▸ Exercise objective:
Repeat the span of the entries below that starts at the line with "从手机侧面可以看到不锈钢材质" and ends at the line with "继续漫步前行,一处屹立着以武", nothing more. Skip the pictures.

START Entries provided

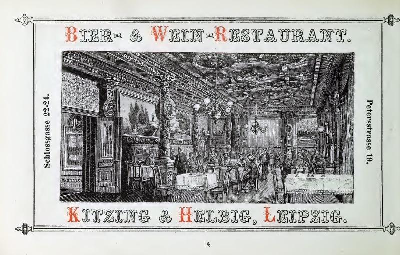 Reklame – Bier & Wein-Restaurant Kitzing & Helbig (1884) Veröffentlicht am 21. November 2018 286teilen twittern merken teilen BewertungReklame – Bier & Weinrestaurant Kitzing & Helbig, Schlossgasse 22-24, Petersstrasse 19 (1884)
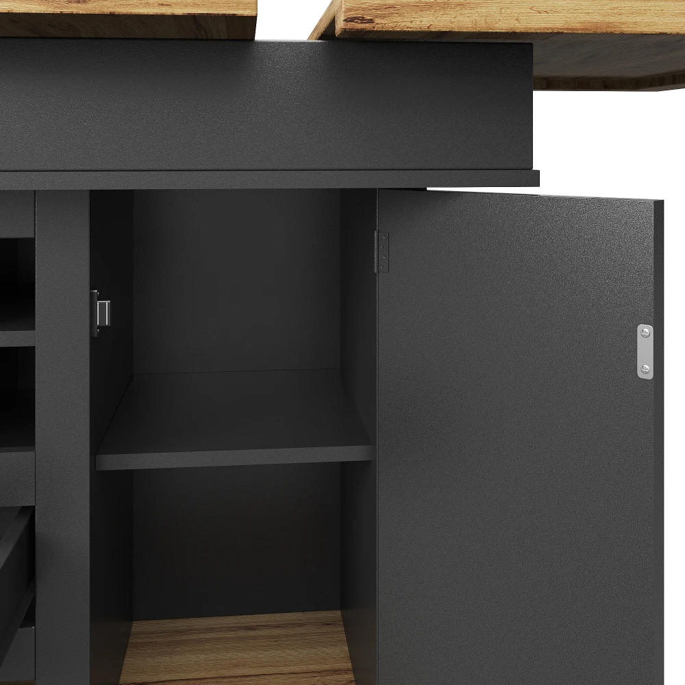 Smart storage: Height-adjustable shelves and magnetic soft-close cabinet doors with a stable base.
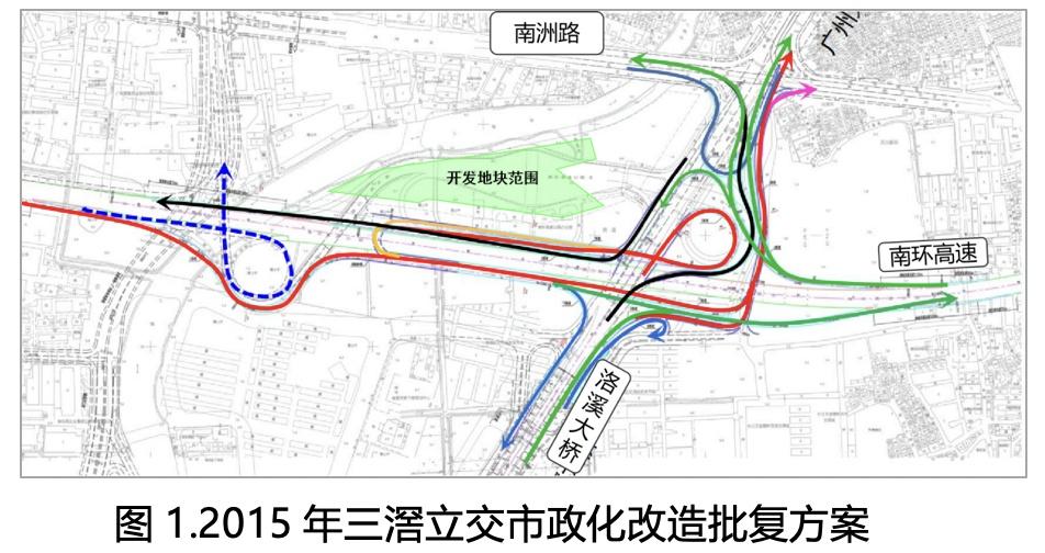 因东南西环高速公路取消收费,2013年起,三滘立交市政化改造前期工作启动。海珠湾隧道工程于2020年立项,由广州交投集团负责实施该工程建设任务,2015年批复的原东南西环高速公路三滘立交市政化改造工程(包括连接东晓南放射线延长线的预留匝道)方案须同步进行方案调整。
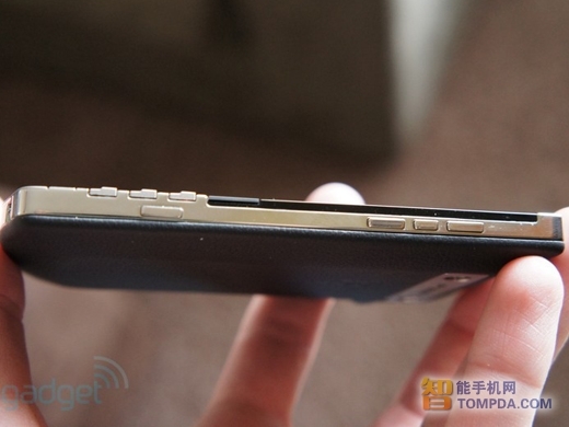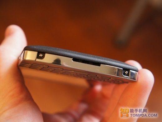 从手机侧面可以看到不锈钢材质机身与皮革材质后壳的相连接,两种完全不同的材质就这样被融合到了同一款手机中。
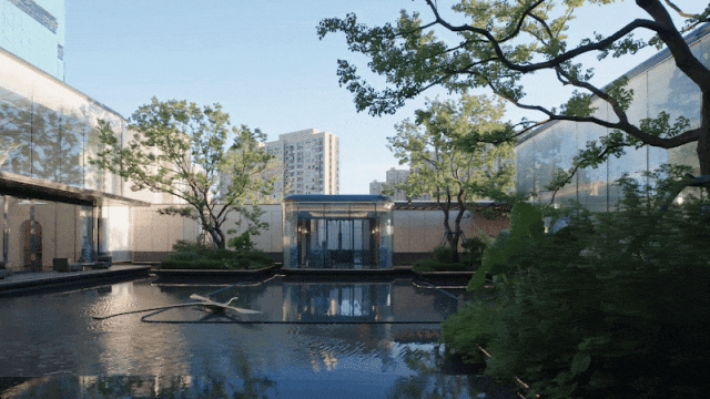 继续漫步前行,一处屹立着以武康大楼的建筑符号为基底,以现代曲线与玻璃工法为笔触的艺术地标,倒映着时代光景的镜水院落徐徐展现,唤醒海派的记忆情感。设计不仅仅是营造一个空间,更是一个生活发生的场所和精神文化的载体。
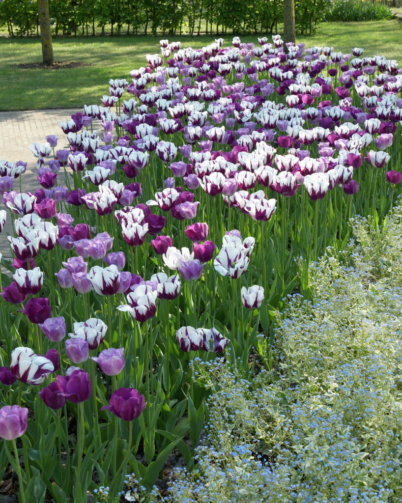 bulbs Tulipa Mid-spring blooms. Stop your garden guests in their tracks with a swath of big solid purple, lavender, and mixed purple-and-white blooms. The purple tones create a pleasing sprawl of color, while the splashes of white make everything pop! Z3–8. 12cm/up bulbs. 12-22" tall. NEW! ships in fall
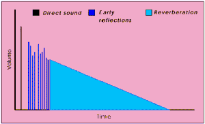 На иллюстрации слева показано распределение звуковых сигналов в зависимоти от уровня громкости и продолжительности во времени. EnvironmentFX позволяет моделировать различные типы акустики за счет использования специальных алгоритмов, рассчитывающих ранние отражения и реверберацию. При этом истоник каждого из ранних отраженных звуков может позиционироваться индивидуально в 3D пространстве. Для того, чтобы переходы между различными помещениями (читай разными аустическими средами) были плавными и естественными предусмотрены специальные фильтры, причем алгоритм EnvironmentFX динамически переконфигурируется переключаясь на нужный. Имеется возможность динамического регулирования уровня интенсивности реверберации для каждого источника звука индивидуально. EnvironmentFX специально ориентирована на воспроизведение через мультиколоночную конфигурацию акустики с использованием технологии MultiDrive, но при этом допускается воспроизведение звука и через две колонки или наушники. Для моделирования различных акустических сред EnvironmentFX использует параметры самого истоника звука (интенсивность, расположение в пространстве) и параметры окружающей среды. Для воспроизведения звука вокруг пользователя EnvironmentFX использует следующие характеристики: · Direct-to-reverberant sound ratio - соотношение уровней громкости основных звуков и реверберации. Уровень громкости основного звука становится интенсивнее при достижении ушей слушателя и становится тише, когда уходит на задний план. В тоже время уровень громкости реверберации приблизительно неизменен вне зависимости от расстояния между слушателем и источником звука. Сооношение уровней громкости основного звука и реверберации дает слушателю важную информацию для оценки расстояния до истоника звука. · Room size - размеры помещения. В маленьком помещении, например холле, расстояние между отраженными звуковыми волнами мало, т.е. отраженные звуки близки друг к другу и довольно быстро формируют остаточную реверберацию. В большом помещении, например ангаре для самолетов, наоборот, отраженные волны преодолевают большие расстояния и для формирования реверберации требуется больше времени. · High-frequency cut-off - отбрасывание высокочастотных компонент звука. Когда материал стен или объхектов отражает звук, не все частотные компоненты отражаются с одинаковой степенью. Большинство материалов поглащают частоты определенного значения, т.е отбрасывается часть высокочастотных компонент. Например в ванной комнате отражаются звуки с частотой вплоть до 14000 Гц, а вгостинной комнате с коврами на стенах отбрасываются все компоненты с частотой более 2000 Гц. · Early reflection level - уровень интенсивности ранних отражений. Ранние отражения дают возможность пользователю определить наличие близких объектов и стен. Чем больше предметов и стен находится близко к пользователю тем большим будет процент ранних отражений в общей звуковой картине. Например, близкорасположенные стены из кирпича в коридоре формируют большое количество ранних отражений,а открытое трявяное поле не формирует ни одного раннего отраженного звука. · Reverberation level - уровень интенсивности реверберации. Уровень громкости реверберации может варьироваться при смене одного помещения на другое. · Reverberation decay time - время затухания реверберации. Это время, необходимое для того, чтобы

END Entries provided

▸ Output:
 从手机侧面可以看到不锈钢材质机身与皮革材质后壳的相连接,两种完全不同的材质就这样被融合到了同一款手机中。
 继续漫步前行,一处屹立着以武康大楼的建筑符号为基底,以现代曲线与玻璃工法为笔触的艺术地标,倒映着时代光景的镜水院落徐徐展现,唤醒海派的记忆情感。设计不仅仅是营造一个空间,更是一个生活发生的场所和精神文化的载体。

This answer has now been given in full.